- EXERCISE OBJECTIVE: In the listing below, find the line with "This is the" and the line with "1) 이 정도는 평범하지요", then return them and every line between them exactly, minus the pictures.

- RECORDS FOR PROCESSING:
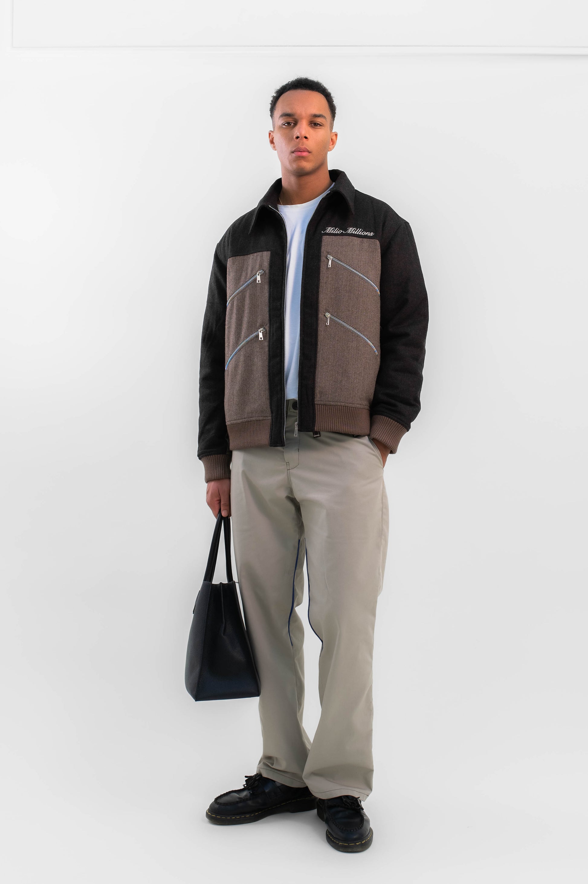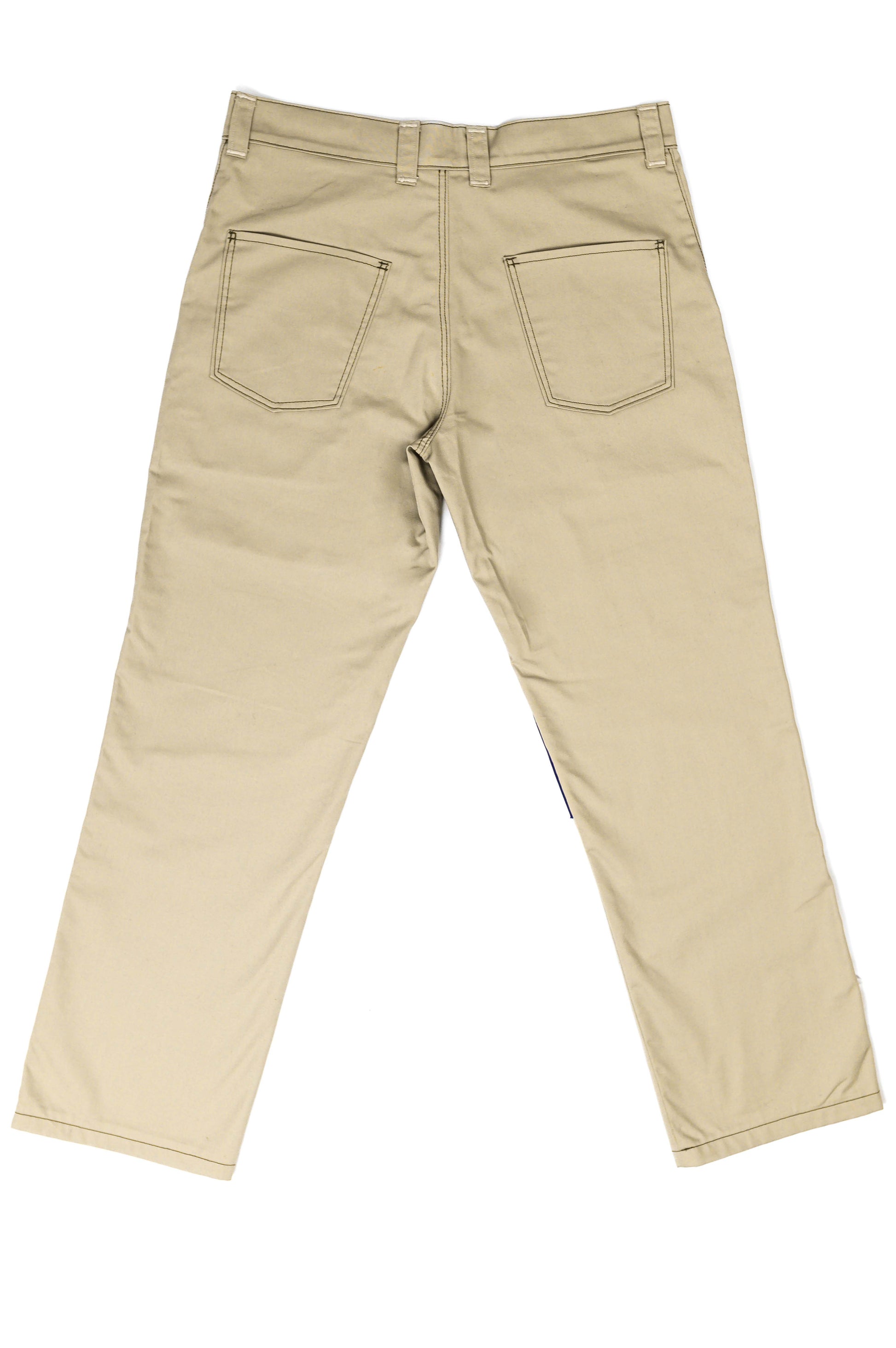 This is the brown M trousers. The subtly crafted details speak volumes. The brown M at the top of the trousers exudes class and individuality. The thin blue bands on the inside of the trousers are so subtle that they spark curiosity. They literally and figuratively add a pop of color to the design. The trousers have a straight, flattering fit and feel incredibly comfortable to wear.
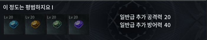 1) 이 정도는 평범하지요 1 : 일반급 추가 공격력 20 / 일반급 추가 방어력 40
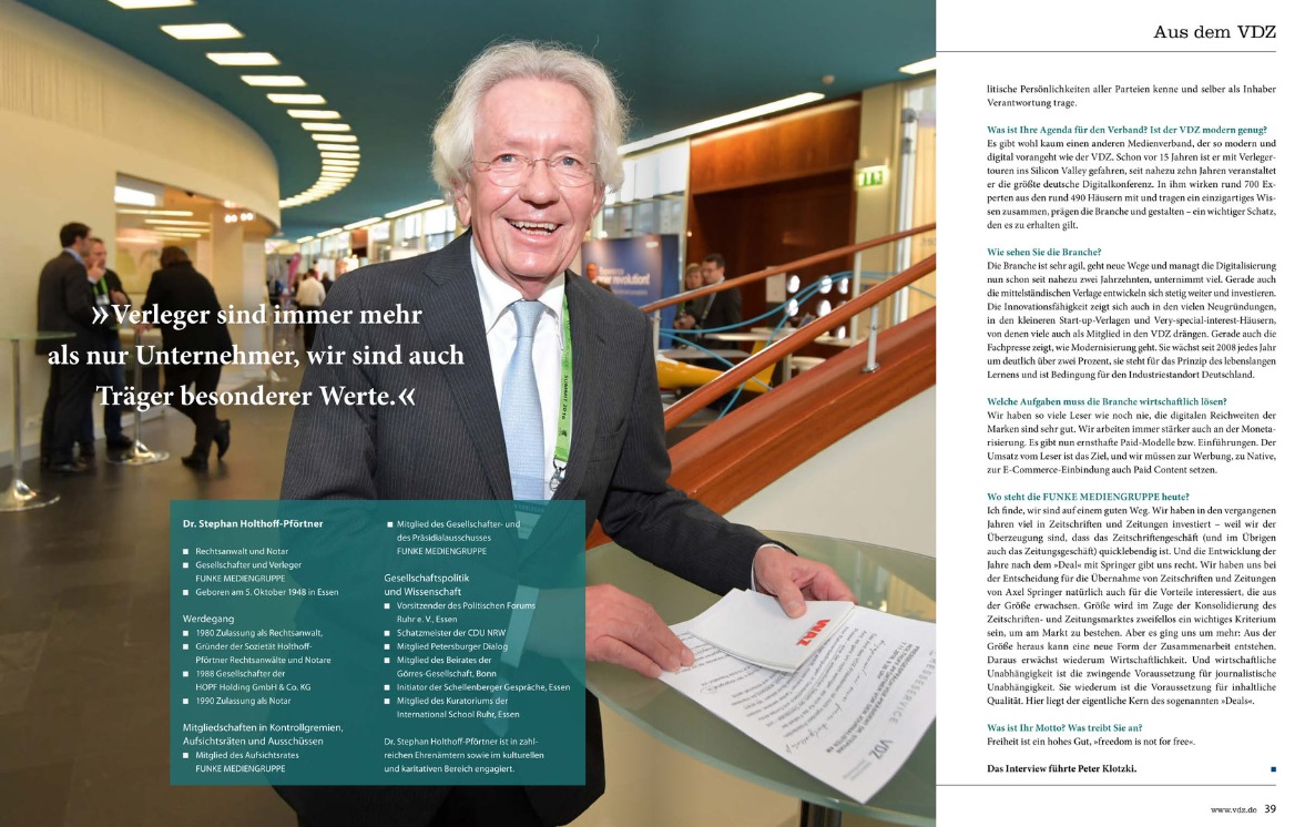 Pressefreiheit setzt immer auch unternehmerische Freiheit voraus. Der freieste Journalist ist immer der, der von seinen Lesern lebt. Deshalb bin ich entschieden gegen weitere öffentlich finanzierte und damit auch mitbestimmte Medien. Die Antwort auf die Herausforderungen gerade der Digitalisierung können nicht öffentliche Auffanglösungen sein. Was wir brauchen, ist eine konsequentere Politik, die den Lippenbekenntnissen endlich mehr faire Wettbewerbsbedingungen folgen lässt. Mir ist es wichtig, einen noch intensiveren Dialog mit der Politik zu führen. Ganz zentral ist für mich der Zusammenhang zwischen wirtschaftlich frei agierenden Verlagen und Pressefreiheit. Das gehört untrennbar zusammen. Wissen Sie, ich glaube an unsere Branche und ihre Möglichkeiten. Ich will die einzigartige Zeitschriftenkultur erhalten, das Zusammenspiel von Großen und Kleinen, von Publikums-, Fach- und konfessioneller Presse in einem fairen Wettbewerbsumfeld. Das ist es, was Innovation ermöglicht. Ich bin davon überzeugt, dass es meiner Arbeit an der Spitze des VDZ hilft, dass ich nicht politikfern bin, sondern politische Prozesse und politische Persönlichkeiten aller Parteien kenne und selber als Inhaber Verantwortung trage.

--

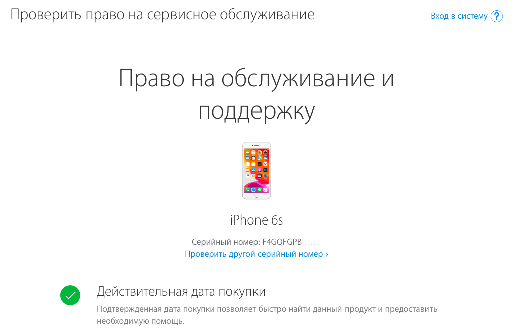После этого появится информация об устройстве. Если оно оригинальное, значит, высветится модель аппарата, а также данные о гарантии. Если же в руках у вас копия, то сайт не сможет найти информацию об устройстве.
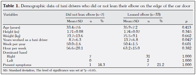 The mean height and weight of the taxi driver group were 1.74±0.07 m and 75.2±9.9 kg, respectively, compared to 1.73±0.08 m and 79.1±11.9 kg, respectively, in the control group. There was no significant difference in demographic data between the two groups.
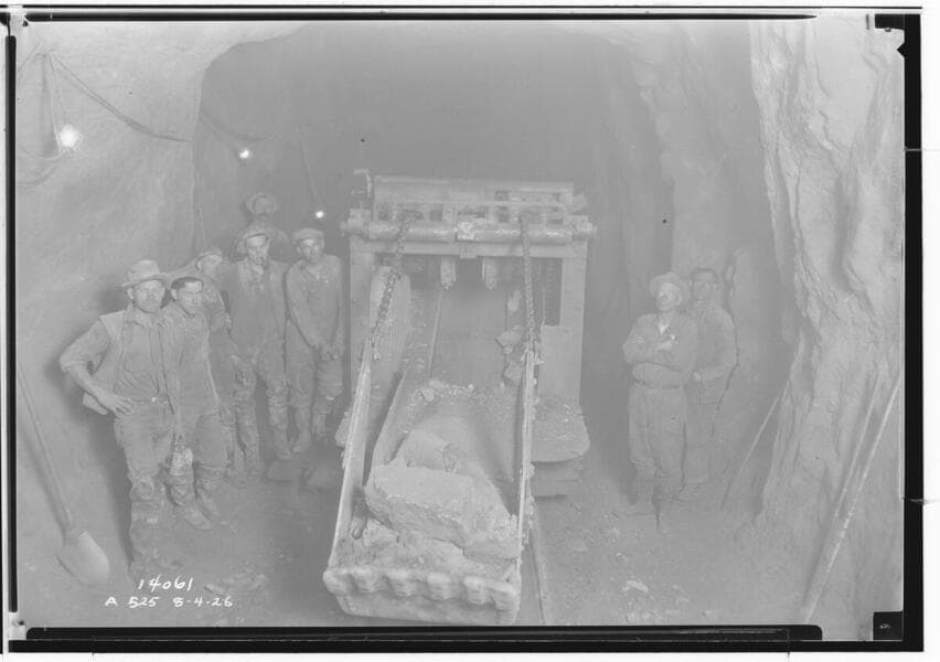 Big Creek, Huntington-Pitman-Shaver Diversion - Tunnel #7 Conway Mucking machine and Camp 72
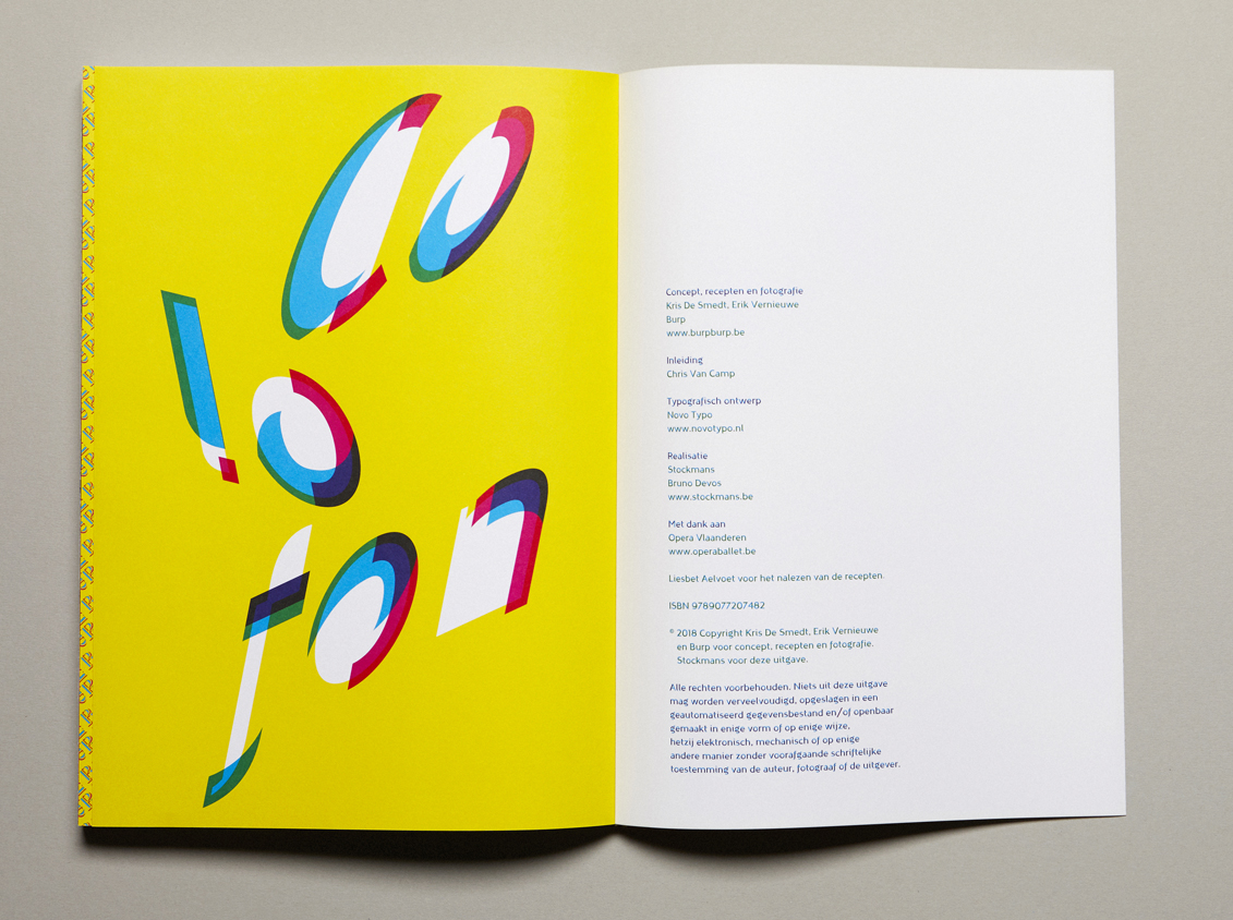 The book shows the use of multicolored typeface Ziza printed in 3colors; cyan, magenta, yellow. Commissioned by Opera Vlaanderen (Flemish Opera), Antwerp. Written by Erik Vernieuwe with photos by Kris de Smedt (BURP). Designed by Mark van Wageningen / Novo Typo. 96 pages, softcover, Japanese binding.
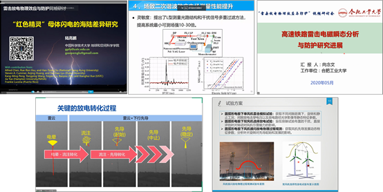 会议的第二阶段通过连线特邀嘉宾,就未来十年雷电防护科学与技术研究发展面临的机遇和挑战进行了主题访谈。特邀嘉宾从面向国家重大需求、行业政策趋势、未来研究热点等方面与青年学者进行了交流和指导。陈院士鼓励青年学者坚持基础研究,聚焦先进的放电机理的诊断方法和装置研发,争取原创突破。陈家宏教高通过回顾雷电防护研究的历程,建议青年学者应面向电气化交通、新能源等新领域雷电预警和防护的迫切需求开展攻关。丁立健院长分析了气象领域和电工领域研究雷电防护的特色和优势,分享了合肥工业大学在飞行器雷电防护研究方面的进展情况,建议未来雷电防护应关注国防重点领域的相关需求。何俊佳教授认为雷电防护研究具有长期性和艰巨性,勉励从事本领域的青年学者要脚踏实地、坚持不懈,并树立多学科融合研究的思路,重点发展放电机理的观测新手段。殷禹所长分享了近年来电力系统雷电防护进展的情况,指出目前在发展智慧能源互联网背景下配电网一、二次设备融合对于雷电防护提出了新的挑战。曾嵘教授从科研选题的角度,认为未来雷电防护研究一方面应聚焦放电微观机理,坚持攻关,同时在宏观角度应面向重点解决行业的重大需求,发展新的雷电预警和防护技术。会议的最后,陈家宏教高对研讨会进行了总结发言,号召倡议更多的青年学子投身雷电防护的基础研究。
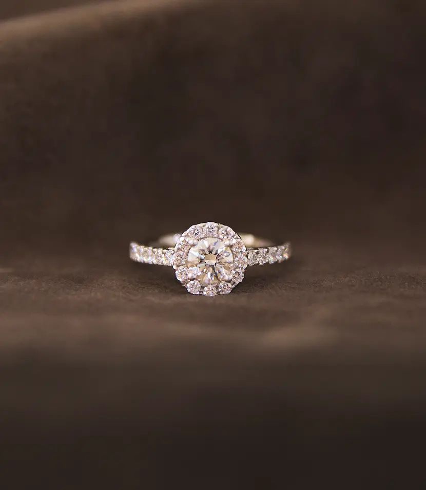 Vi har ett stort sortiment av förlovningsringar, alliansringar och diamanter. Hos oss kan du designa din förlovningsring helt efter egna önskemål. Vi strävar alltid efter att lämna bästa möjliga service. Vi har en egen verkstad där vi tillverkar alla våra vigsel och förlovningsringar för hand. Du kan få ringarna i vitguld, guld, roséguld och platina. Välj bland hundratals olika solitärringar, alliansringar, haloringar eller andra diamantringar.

- ANSWER TO THIS TASK:
 This is the brown M trousers. The subtly crafted details speak volumes. The brown M at the top of the trousers exudes class and individuality. The thin blue bands on the inside of the trousers are so subtle that they spark curiosity. They literally and figuratively add a pop of color to the design. The trousers have a straight, flattering fit and feel incredibly comfortable to wear.
 1) 이 정도는 평범하지요 1 : 일반급 추가 공격력 20 / 일반급 추가 방어력 40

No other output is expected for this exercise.